Cross-facet correlation occurs in other areas of the Jopr UI (and the sky's the limit to where we can take Jopr from here in the future). For example, here is the summary tab for my agent. Notice how all the different facets are combined into a single view so at a glance you can see what is currently going on with this agent resource.

I can see that I had one operation, out of the past three, that failed. I can see that I recently updated the configuration of this resource several times, one of which failed. I can see what the current measurements are for this resource, and what events and alerts have been logged, when they happened and their severity.

All of this data is linked to their respective pages in the UI - if I want to see more about the alerts, I click the alert links. More about the operations? Click the operation links. And so on.

And because Jopr has abstracted the facets so they are applicable across any number of managed resources, we can manage all different kinds of resources - JBoss Application Servers, Apache Web Servers, Tomcat Web Application Servers, hardware boxes, operating system services, even Jopr itself - and we reuse the same UI pages, the same code, and the same look & feel - no additional code needs to be introduced to the server to support additional types of managed resources!

For example, above you see the summary for the Jopr agent. What's the summary information look like for a JBoss Application Server that I am managing? You can see this here. Notice that the same look & feel, the same UI pages and code is used, the same SQL queries - everything is reused. No additional integration is needed on the server side. But notice the difference. The agent resource supports the "configuration facet" - which is why you saw the "Configure" tab and the configuration update information earlier. But the agent does not support the "content facet" (the agent does not push or pull content over the Jopr content subsystem). But look at the JBossAS resource - it does not support the configuration facet (so you don't see the Configure tab and there are no recent config updates) but it does support the content facet (you can see the Content tab along with some recent package history). The JBossAS resource component in the agent will send up to the Jopr server information about what packages (e.g. jar libraries) it has installed. If a resource supports it, you can even ship down updated packages to the resource (for example, to send down new jars that incorporate bug fixes).

The above just talks about correlating cross-facet information for a specific resource. What if I want to see information across my entire inventory? What if I want to see all of the alerts that were triggered by Jopr, regardless of the resource that triggered the alert. What if I want to see all the configuration changes made to my environment, regardless of which resource was reconfigured?
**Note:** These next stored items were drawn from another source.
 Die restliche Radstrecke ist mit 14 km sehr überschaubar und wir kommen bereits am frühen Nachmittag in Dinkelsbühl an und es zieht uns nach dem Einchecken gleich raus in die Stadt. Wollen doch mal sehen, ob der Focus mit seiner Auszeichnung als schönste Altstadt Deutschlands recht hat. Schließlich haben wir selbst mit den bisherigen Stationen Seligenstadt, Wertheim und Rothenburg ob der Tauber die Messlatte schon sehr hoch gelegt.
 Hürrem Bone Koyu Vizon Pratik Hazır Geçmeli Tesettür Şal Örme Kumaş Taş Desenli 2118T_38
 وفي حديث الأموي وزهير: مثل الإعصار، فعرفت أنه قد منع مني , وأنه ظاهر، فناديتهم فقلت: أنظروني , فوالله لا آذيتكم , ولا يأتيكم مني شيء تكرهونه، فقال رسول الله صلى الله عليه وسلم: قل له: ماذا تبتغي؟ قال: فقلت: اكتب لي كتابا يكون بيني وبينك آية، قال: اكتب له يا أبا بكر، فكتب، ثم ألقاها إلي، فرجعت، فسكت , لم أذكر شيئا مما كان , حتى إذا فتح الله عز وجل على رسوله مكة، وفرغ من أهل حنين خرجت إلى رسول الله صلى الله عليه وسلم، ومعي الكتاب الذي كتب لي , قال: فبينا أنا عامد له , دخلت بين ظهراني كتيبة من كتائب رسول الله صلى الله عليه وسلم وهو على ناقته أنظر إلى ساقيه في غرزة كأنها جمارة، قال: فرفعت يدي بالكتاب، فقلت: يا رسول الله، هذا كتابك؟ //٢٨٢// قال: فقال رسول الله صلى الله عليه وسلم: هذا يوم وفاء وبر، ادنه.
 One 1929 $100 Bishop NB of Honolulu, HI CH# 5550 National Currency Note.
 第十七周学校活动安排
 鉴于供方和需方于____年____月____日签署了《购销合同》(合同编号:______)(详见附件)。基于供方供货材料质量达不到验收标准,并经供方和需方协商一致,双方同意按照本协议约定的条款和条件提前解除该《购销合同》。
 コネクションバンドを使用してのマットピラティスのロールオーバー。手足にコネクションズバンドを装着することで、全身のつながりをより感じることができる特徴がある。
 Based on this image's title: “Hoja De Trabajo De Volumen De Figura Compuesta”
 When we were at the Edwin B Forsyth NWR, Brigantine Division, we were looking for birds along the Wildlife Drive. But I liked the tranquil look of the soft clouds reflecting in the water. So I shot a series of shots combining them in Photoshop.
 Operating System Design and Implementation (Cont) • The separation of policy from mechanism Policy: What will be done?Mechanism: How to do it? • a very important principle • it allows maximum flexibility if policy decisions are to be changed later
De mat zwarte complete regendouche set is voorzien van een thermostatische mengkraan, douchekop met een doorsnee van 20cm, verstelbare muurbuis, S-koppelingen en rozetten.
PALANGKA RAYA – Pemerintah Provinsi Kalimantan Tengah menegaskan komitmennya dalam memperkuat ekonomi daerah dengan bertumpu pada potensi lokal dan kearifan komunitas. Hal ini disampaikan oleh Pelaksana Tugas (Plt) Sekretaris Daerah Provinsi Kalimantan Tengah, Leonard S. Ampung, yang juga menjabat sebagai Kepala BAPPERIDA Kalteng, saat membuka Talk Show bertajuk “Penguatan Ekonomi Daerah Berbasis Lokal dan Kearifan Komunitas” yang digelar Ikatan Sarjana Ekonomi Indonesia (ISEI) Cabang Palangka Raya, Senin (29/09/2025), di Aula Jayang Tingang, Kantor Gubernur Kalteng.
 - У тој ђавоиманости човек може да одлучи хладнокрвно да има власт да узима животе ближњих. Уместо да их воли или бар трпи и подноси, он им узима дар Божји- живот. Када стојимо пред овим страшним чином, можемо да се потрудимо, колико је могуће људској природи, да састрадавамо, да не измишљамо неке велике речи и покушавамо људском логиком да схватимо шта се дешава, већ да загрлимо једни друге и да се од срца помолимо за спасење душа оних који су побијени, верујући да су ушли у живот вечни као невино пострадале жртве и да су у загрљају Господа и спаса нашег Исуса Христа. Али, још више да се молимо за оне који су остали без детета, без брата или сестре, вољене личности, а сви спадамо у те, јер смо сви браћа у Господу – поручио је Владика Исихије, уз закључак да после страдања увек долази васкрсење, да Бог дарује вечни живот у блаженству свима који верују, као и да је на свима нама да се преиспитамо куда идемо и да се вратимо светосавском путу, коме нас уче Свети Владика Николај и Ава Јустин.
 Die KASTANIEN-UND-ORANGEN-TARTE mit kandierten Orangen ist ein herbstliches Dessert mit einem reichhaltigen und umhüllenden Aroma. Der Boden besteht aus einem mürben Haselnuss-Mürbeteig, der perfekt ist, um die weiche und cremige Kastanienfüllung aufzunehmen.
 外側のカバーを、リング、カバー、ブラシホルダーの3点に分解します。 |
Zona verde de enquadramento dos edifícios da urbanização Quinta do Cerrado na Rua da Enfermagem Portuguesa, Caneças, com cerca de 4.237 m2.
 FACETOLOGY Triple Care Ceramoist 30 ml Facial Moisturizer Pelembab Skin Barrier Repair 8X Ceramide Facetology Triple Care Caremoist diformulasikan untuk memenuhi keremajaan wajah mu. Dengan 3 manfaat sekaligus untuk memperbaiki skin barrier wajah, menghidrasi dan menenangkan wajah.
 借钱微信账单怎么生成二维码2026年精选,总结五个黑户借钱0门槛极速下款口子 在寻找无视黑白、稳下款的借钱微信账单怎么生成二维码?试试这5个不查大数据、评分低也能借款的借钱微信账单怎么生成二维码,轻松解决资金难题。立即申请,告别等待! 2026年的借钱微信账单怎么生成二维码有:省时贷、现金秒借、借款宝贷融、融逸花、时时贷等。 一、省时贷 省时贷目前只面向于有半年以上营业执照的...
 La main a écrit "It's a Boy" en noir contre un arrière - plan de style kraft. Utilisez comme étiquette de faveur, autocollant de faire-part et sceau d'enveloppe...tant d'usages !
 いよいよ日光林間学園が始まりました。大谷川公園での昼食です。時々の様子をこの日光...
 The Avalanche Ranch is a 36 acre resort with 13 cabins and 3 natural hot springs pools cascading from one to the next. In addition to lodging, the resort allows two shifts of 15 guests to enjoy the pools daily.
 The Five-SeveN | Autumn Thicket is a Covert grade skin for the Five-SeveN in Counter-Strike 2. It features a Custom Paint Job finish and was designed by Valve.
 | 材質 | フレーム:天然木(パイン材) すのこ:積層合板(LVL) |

Again, because Jopr is abstract in nature, we can scan the inventory history and aggregate this kind of information. Below you see that we can view all the alerts and all configuration changes - you can even filter the results if you only care about a subset of the data.

I think this clearly shows how an abstract management platform that supports multiple management facets can provide tremendous value to anyone managing a network of hardware and software products.

Well, that's all I have to say on this subject (for now). I hope this makes it a bit more clear what Jopr brings to the table and its value-add that it can bring to your IT environment.